Hello, our clinical DICOM images very often seem to end up having “irregular volume geometry” detected just above the threshold of 0.001 mm.
This is a typical message I got today: [Python] Irregular volume geometry detected (maximum error of 0.0010596 mm is above tolerance threshold of 0.001 mm). Adding acquisition transform to regularize geometry.
I am never making measurements at a much finer scale than a voxel, which is at least 250x larger than this threshold (0.25 mm at the smallest for images I work with). This results in creation of an unnecessary (for me) nonlinear “acquisition transform”. Is there a way I could increase the threshold to avoid this? I don’t want to turn the warning off entirely because I want to know if there is a large irregularity in something I try to load, but this threshold is a little too sensitive for the data I work with.

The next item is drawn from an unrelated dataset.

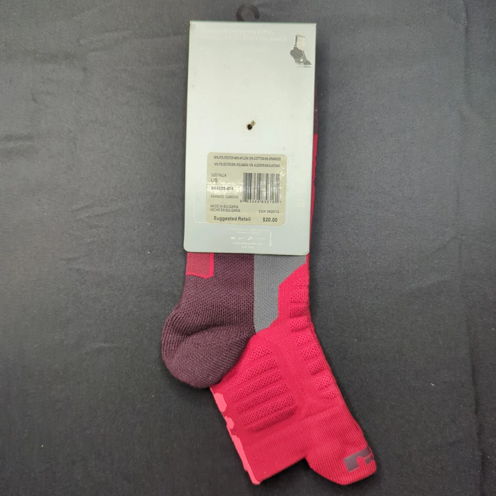 Nike Hyper Elite Quarter Cut Socks Size Large Red/Hyper Pink Brand new with tags 100% Authentic Fast Shipping: Ships in 1-2 business days from Illinois Many colors available, check out my page to see them all Message me with any questions The Nike Elite Basketball Crew Socks feature Dri-Fit fabric that keeps your feet cool and comfortable. It’s made for durability and offers a supportive and snug fit. The Nike Elite Basketball Crew Sock is a must own for any basketball player. Perfect for basketball, volleyball, and other sports Pair different colorways with your Kobe's, Lebron's, KD's and more. Performance basketball crew socks deliver superior fit and comfort. Strategically placed cushioning absorbs impact Dri-Fit technology helps keep feet feeling dry and comfortable. Left/right anatomical design for targeted comfort. Ventilation zones promote breath-ability to keep you cool 63% polyester, 18% nylon, 16% cotton, 3% spandex Size Guide Small: Youth 4-6 Medium: Men's 6-8 Large: Men's 8-12 Extra Large: Men's 12-15

Clinical scanners do not usually have such problems. What kind of scanners do you use? Do you see this error on the data that comes directly from the scanner or is it introduced during reprocessing/anonymization of the images?
The tolerance values are specified in DICOMScalarVolumePlugin.py and you can modify this file on your computer as you see fit. If we find that clinical scanners violate these tolerances then we may consider making them adjustable in application settings, but it is simpler and safer to keep them as constant values.
The image volume which generated that error message came from a Siemens Avanto Fit, on DICOM images downloaded directly from our clinical PACS (no reprocessing before importing to Slicer).
Thanks for the reference to the threshold location, I will modify the threshold to bump it up a little to 0.005 mm.
It would be interesting to know that it is due to rounding (the manufacturer thinks it is OK to use 3 digits after the decimal); or there is some inconsitency at the first or last slice; or there is an issue somewhere in the middle.
Could you copy here the ImagePositionPatient tag values for the series? (right-click View DICOM metadata, type ImagePositionPatient in the filter, click Copy all files metadata, save to file, upload the file somewhere and post the link here)
@mikebind are these for a rotated MR volume? I think sometimes there are limits on what the gradients can achieve so the slicer prescription gets clamped to a nearest value or something. In that case I’m not sure if it’s good to ignore the spacing irregularity or apply the geometry correction (or maybe the difference is negligible).
In any case for batch processing I have found it useful to auto-apply the acquisition transform and maybe we should expose that as a user setting in addition to making the tolerance settable.
My apologies! I just realized I grabbed the wrong series metadata. I had loaded both an MR and a CT for this patient and misremembered which one had the irregularity error message. It was the CT which was warned as irregularly spaced. Here is the image position patient data for that image volume: IrregularImagePositionPatientExample_CT.txt - Google Drive
@pieper, to your question about whether it is a rotated volume, this is the volume information
@mikebind There seems to be a rounding of the position offset between neighbor frames to 3 digits (0.032 or 0.033). This corresponds to 0.001/0.032 = 3.1% error in slice spacing, which is quite small, but not necessarily negligible. Also, the rounding is a bit unexpected, because the position values have 6 digits after the decimal point. I would recommend to report this problem to the manufacturer.
@pieper It seems that currently we use absolute tolerance values. What do you think about setting the tolerance as percentage of the slice spacing? Maybe we could then be a bit more permissive and say we allow up to 5% variation in slice spacing?
Thanks for looking into it. A relative tolerance threshold sounds like a good idea to me. I will work on figuring out how to report the problem to Siemens.
It would be good to talk to someone who could give insight into why these small differences occur to decide if resampling is more accurate or leaving them as-is is more accurate (i.e. are the positions incorrectly recorded or do the correctly denote irregularly spaced slices).
But yes, a relative error sounds reasonable in any case.
I was thinking exactly the same thing: if the slices are equally spaced but the recorded slice locations are being rounded, then the right thing to do is to treat the slices as equally spaced despite the rounding errors. The alternative is that the slice locations reported are measured more accurately than the scanner’s ability to space slices equally. In that case, the theoretically right thing to do is to treat the slices as unequally spaced and have a transform applied to achieve that. Either of those options seems somewhat plausible to me, so I agree it would be good to talk to some who would know which is actually the case.